The Koch brothers had invested heavily in the 2010 elections having donated $2 Million dollars to conservative candidates directly and now they are looking to cash in on that investment. They have fueled up the coffers of  Americans for Prosperity so that it could influence a wide range of issues. According to Eric Lipton, reporter for the New York Times: “The organization has taken up a range of topics, including combating the health care law, environmental regulations and spending by state and federal governments. The effort to impose limits on public labor unions has been a particular focus in Ohio, Indiana, Pennsylvania and Wisconsin, all states with Republican governors, Mr. Phillips said, adding that he expects new proposals to emerge soon in some of those states to limit union power.” 

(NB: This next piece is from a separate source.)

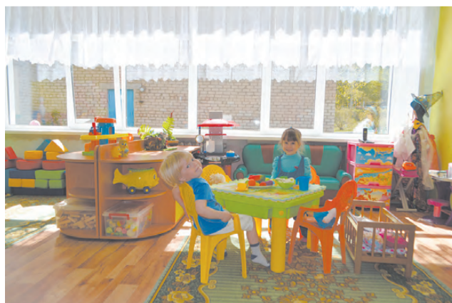
После замены окон в группах д/с «Лесная полянка» стало уютнее.

During the 2010 election cycle, according to Amanda Terkel, “Walker received $43,000 from the Koch Industries PAC, his second-largest contribution. The PAC also gave significantly to the Republican Governors Association, which in turn helped out Walker considerably in his race. Koch also contributed $6,500 to support 16 Republican legislative candidates in the state…The Koch-funded group Americans for Prosperity has also been standing with Walker throughout his budget battles, busing in Tea Party activists and launching the site, Stand With Walker. After the election, Walker and other Republican governors received guidance from the American Legislative Exchange Council, a group that is also funded by Koch dollars and has pushed anti-union measures.”

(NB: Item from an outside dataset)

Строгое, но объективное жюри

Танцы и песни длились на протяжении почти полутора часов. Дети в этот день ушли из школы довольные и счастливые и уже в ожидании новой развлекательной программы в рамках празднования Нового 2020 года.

Thus it should come as no surprise that Tim Phillips, President of Americans for Prosperity was in Madison this past weekend attempting to rally support for Scott Walker’s besieged administration. As it turns out Phillips’ organization is a major recipient of the financial largesse of David and Charles Koch, having received $40 Million dollars from the brothers last year. That’s close to a sixfold increase over the budget that Americans for Prosperity had just three years ago. According to Eric Lipton, reporter for the New York Times, the Koch brothers laid their groundwork in Wisconsin long before the first protestor held up a sign in Madison. To wit: “Even before the new governor was sworn in last month, executives from the Koch-backed group had worked behind the scenes to try to encourage a union showdown, Mr. Phillips said in an interview on Monday…We thought it was important to do… adding that his group is already working with activists and state officials in Indiana, Ohio and Pennsylvania to urge them to take similar steps to curtail union benefits or give public employees the power to opt out of unions entirely.” From the aforementioned, it is more than obvious that the Koch brothers and their fellow travelers have an agenda that goes far beyond the bottom line of state budgets and aims at the very institutional integrity of unions, as we know them. Why else would they be concerned with issues such as an employee being able to opt out of their membership or the desire to force a showdown?

The motives of the Koch brothers are more than amply clear as is the actions taken on their behalf by their operatives, both elected and paid, now at work in Wisconsin and across the Midwest. Their can be no denying that the Koch brothers have a political agenda designed to reshape the American economic landscape into one in which unions no longer exist. When one considers the money invested and the macro-political issues that transcend the mundane economics of state budgets, one can only wonder once again about to what degree the Tea Party Movement and it’s followers have been had by the political pros who have received a greatly enhanced degree of power and influence as a result of the 2010 elections and the money they invested therein.